In [1]:
# Procedemos a cargar las librerias y carga de los archivos
import findspark
findspark.init()

from pyspark.context import SparkContext
from pyspark.sql.context import SQLContext
from pyspark.sql.session import SparkSession

import re
import pandas as pd
import glob

sc = SparkContext()
sqlcontext = SQLContext(sc)
spark = SparkSession(sc)


In [24]:
data = glob.glob('*.gz')

In [25]:
data

['NASA_access_log_Aug95 (1).gz', 'NASA_access_log_Jul95.gz']

In [26]:
nasa_df = spark.read.text(data)

In [27]:
nasa_df.printSchema() # Veamos el esquema de nuestro df

root
 |-- value: string (nullable = true)



In [28]:
type(nasa_df) #vemos el type de nuestro df

pyspark.sql.dataframe.DataFrame

In [29]:
nasa_df.show(10, truncate=False)

+-----------------------------------------------------------------------------------------------------------------------+
|value                                                                                                                  |
+-----------------------------------------------------------------------------------------------------------------------+
|199.72.81.55 - - [01/Jul/1995:00:00:01 -0400] "GET /history/apollo/ HTTP/1.0" 200 6245                                 |
|unicomp6.unicomp.net - - [01/Jul/1995:00:00:06 -0400] "GET /shuttle/countdown/ HTTP/1.0" 200 3985                      |
|199.120.110.21 - - [01/Jul/1995:00:00:09 -0400] "GET /shuttle/missions/sts-73/mission-sts-73.html HTTP/1.0" 200 4085   |
|burger.letters.com - - [01/Jul/1995:00:00:11 -0400] "GET /shuttle/countdown/liftoff.html HTTP/1.0" 304 0               |
|199.120.110.21 - - [01/Jul/1995:00:00:11 -0400] "GET /shuttle/missions/sts-73/sts-73-patch-small.gif HTTP/1.0" 200 4179|
|burger.letters.com - - 

In [30]:
# Procedemos con el data wrangling
# Primero de todo vamos a ver el número de registros de nuestro df
print('El DataFrame tiene {} registros, en {} columna/s'.format(nasa_df.count(), len(nasa_df.columns)))

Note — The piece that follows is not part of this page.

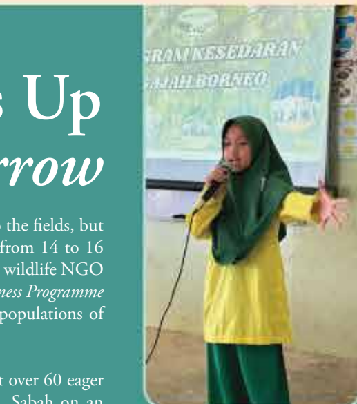
This young storyteller's message rings clear – we need to protect our elephants!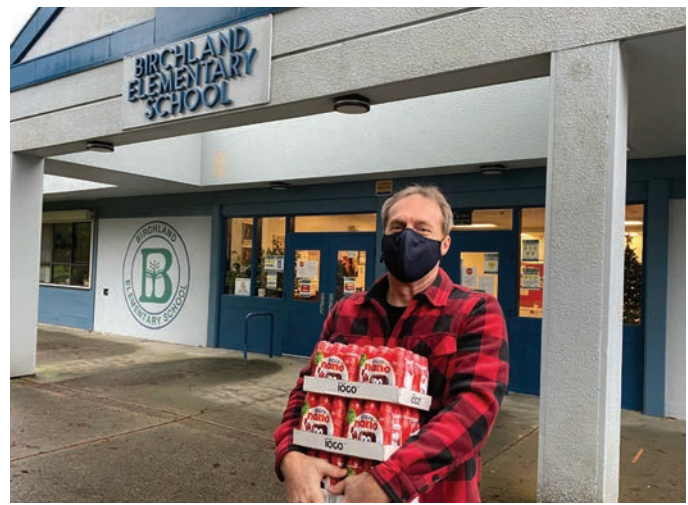
Donation of food hampers for families in need at Birchland Elementary School

In September 2020, when school was back in session, many schools reached out to ask for support. Several schools sent staff to CityReach to pick up a group of food hampers to be distributed to families right from the school who might otherwise not have access to the program. Other schools referred families directly to Food For Families to be able to access the program in person every week.

El DataFrame tiene 3461613 registros, en 1 columna/s


In [31]:
# regex

#host
regex_host = r'(^\S+\.[\S+\.]+\S+)\s'
# timestamps
regex_time = r'\[(\d{2}/\w{3}/\d{4}:\d{2}:\d{2}:\d{2} -\d{4})]'
# http request
regex_http = r'\"(\S+)\s(\S+)\s*(\S*)\"'
# Status
regex_status = r'\s(\d{3})\s'
#Content size
regex_content = r'\s(\d+)$'

# Para usar las expresiones regulares usaremos regexp_extract()
from pyspark.sql.functions import regexp_extract

nasa_log = nasa_df.select(regexp_extract('value', regex_host, 1).alias('host'),
                          regexp_extract('value', regex_time, 1).alias('timestamp'),
                          regexp_extract('value', regex_http, 1).alias('method'),
                          regexp_extract('value', regex_http, 2).alias('resources'),
                          regexp_extract('value', regex_http, 3).alias('protocol'),
                          regexp_extract('value', regex_status, 1).cast('integer').alias('status'),
                          regexp_extract('value', regex_content, 1).cast('integer').alias('size'))
nasa_log.show(20, truncate=False)

print((nasa_log.count(), len(nasa_log.columns)))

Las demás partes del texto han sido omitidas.